The Chairperson of Inyanda Institute, Duduzile Tshabalala-Dhlamini, says South Africans must remain cognizant of the severe impact and devastation that has been the status quo since 1795 when the British arrived in our shores and compounded an already exhausting problem that was initiated by colonizers of Dutch-descent.
“We remember all victims of British savagery and barbarism in the last 227 years,” she said in a statement.
Tshabalala-Dhlamini stated that on behalf of Inyanda Institute and South African natives, she remains indifferent to the news of the queen’s passing.

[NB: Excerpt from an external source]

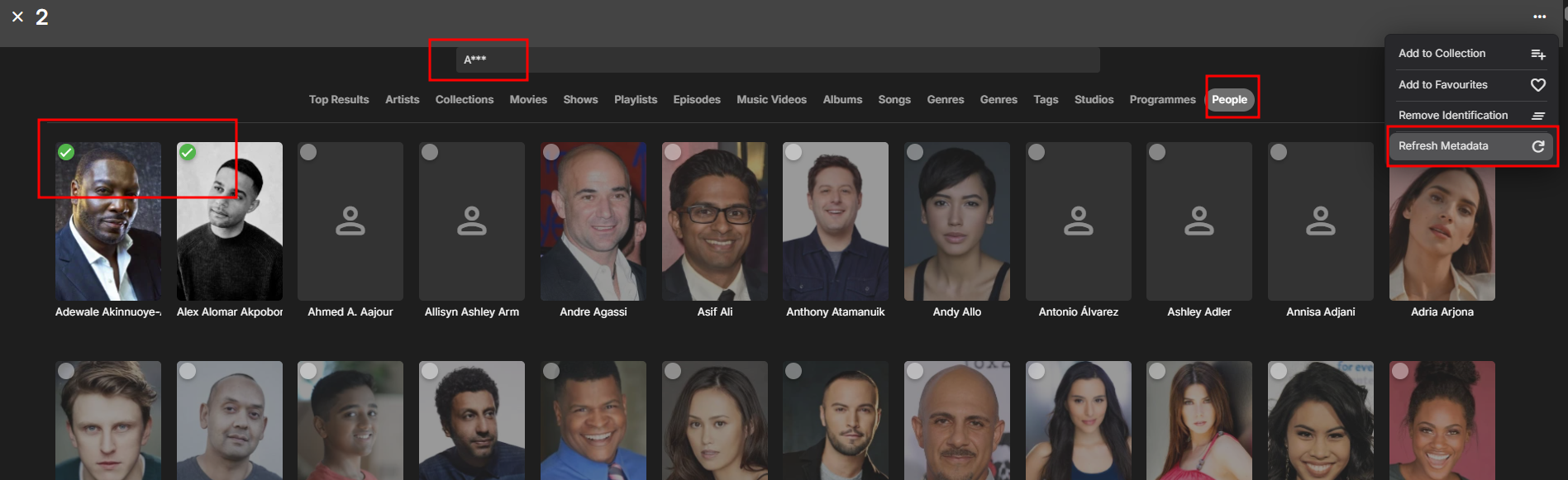 Solution Neminem 1519 Posted January 3, 2025 Solution Posted January 3, 2025 (edited) You can search for A*** goto people and multiselect all in that search. Then 3 dot line select "Refresh Metadata" After that search for B*** etc. I have not found an easier way to do it. Edited January 3, 2025 by Neminem 1

“Our nonchalance is driven by the pain of knowing that the lives of our ancestors were turned upside down and ruined forever. Colonialism and imperial conquest has forced itself on every structure of our society.
“Through the London Missionary Society, its colonial army and other backhanded methods, the institution of the British Royal House successfully managed to impose itself on the natives.

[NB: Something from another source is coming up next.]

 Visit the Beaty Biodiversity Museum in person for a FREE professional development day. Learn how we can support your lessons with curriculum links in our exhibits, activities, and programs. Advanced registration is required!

“It is reported that half of the world’s gold was mined here in South Africa, and it is well documented that the biggest diamond that the queen used to wear was mined in Cullinan, Pretoria,” her statement read.
According to Utsa Patnaik, drawing from data collated between 1765 and 1938, Britain stole nearly $45 trillion from India.
The monarchy also owes Africa approximately $11.9 trn, Jamaica at least $3 trn, and the rest of the Caribbean roughly $9.7 trn in reparations.